I am stuck with this (probably simple) derivatives:
$$ \frac{\partial}{\partial X}Tr((A\odot(B^{T}XB))C)\;\;and \;\;\frac{\partial}{\partial X}Tr((A\odot(B^{T}XX^{T}B))C) $$
where $A,B,C$ are constant matrices and $\odot$ is the Hadamard product.
Some help please?
Fabio
The trace/Frobenius product is defined as $$A:B = {\rm Tr}(AB^T)$$ The cyclic property of the trace allows terms in such a product to be rearranged, e.g. $$A:BC \;=\; AC^T:B \;=\; B^TA:C$$ The Frobenius and Hadamard products commute with themselves and each other. $$\eqalign{ A:B &= B:A \\ A\odot B &= B\odot A \\ C:A\odot B &= C\odot A:B \\ }$$ Consider the following of function of the variable $Y$. $$\eqalign{ \phi &= {\rm Tr}\big((A\odot(B^TYB))C\big) \\ &= (A\odot(B^TYB)):C^T \\ &= (A\odot C^T):B^TYB \\ &= B(A\odot C^T)B^T:Y \\ &= M:Y \\ }$$ where $M,\,$ being a combination of constant matrices, is itself a constant matrix.

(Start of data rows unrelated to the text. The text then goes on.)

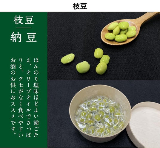 ”枝豆納豆”や”ピスタチオ納豆”は塩やオリーブオイルをかけて、おつまみ感覚でお楽しみいただくのがオススメです。オリーブオイルの爽やかな香りと塩が枝豆の甘さ、ピスタチオの濃厚な風味をよりいっそう引き立てます。ぜひ色んな食べ方を試してお楽しみください。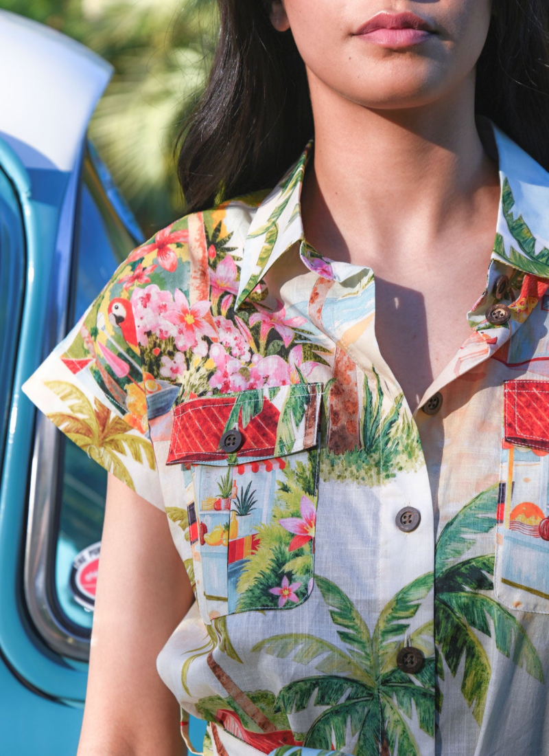 - Cream base with a vibrant tropical multicolour print that brightens your wardrobe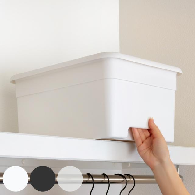 フタ付きなのでホコリが入るのを防ぎ、上に物を乗せる事ができます。しっかり閉まるので、棚への出し入れの際にフタがずれにくく安心です。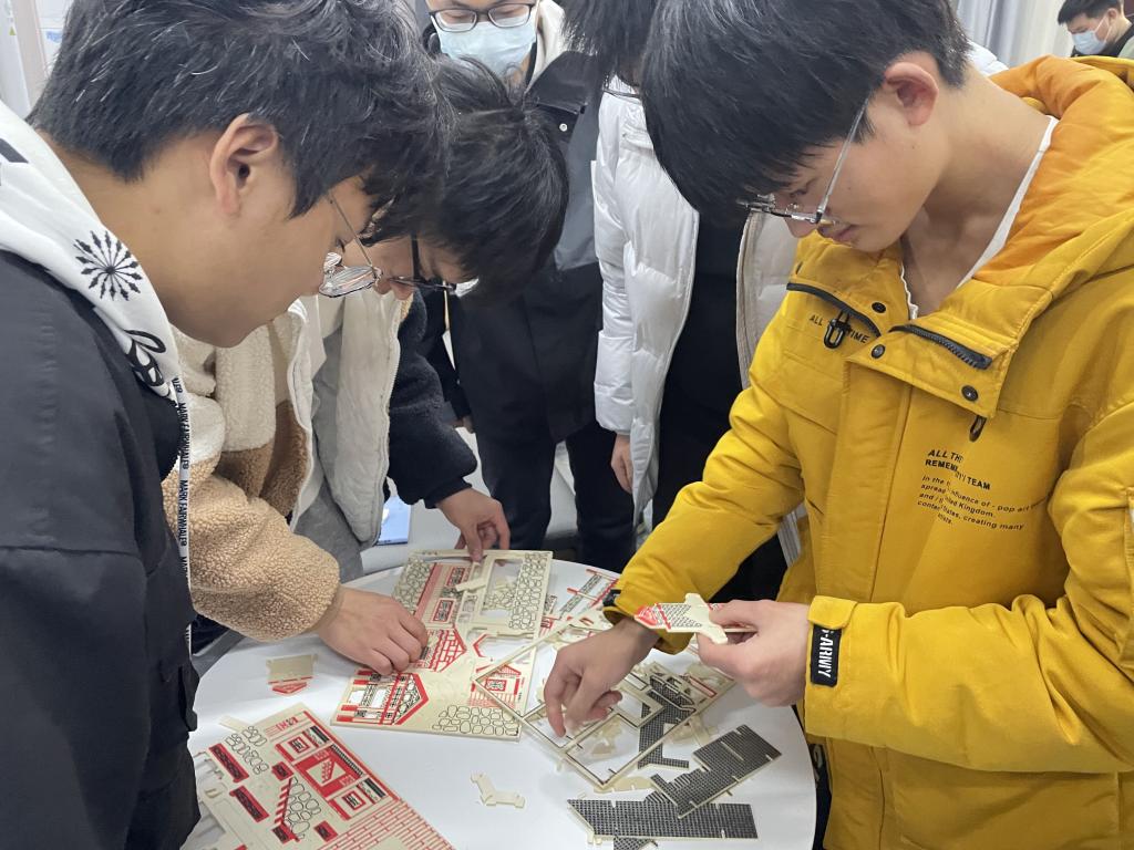 随后,同学们一起通过3D吊脚楼拼图感受了吊脚楼的建筑工艺,并提出“苗族旅游现状如何?”“苗族文化传承”等问题,程蓉同学以吊脚楼为例,为同学们讲述了不少苗族景区以吊脚楼住宿体验为旅游特色招揽游客,再加以苗族、苗银等手工艺品的售卖,推动经济创收的同时,进一步对外宣扬了苗族特色传统文化。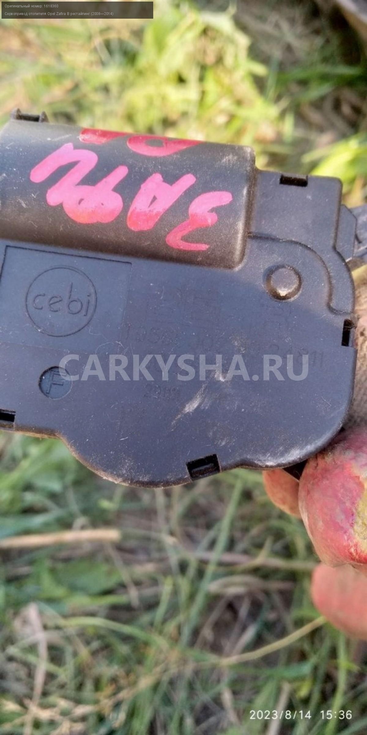 Opel Zafira B рест, сервопривод заслонки печки\nАртикул: 2892\n\nОриг. номер: 1618360\nПроизводитель: OPEL\nПримечание:Опель ЗафираБ рестайлинг, сервопривод заслонки печки, б/у\n\nМарка: Opel\nМодель: Zafira B рестайлинг (2008—2014)\nГод выпуска: 2012\nКузов тип: Минивэн\nДвигатель номер: Z18XER\nМодель двигателя: инжектор\nОбъем: 1.8\nТопливо: Бензин\nКоробка: Механика\nЦвет: Белый\nСовместимости: Opel Zafira B рестайлинг (2008—2014) 1.8 MT (140 л.с.)\nСовместимость: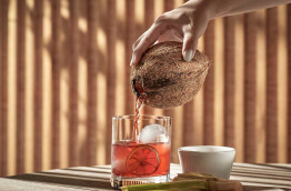 En fin de journée, rendez-vous au Yakitori Bar pour savourer un cocktail les pieds dans le sable en admirant les changements de couleur dans le ciel au moment du coucher de soleil.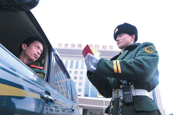 武警湖北总队机关警卫哨位正在检查出入车辆证件。谢定安摄

In the first case, set $Y=X\,$ then calculate the differential and the gradient. $$\eqalign{ \phi_1 &= M:X \\ d\phi_1 &= M:dX \\ \frac{\partial\phi_1}{\partial X} &= M \\ }$$ In the second case, set $Y=XX^T\,$ then $$\eqalign{ \phi_2 &= M:XX^T \\ d\phi_2 &= M:(dX\,X^T+X\,dX^T) \\ &= (M+M^T):dX\,X^T \\ &= (M+M^T)X:dX \\ \frac{\partial\phi_2}{\partial X} &= (M+M^T)X \\ }$$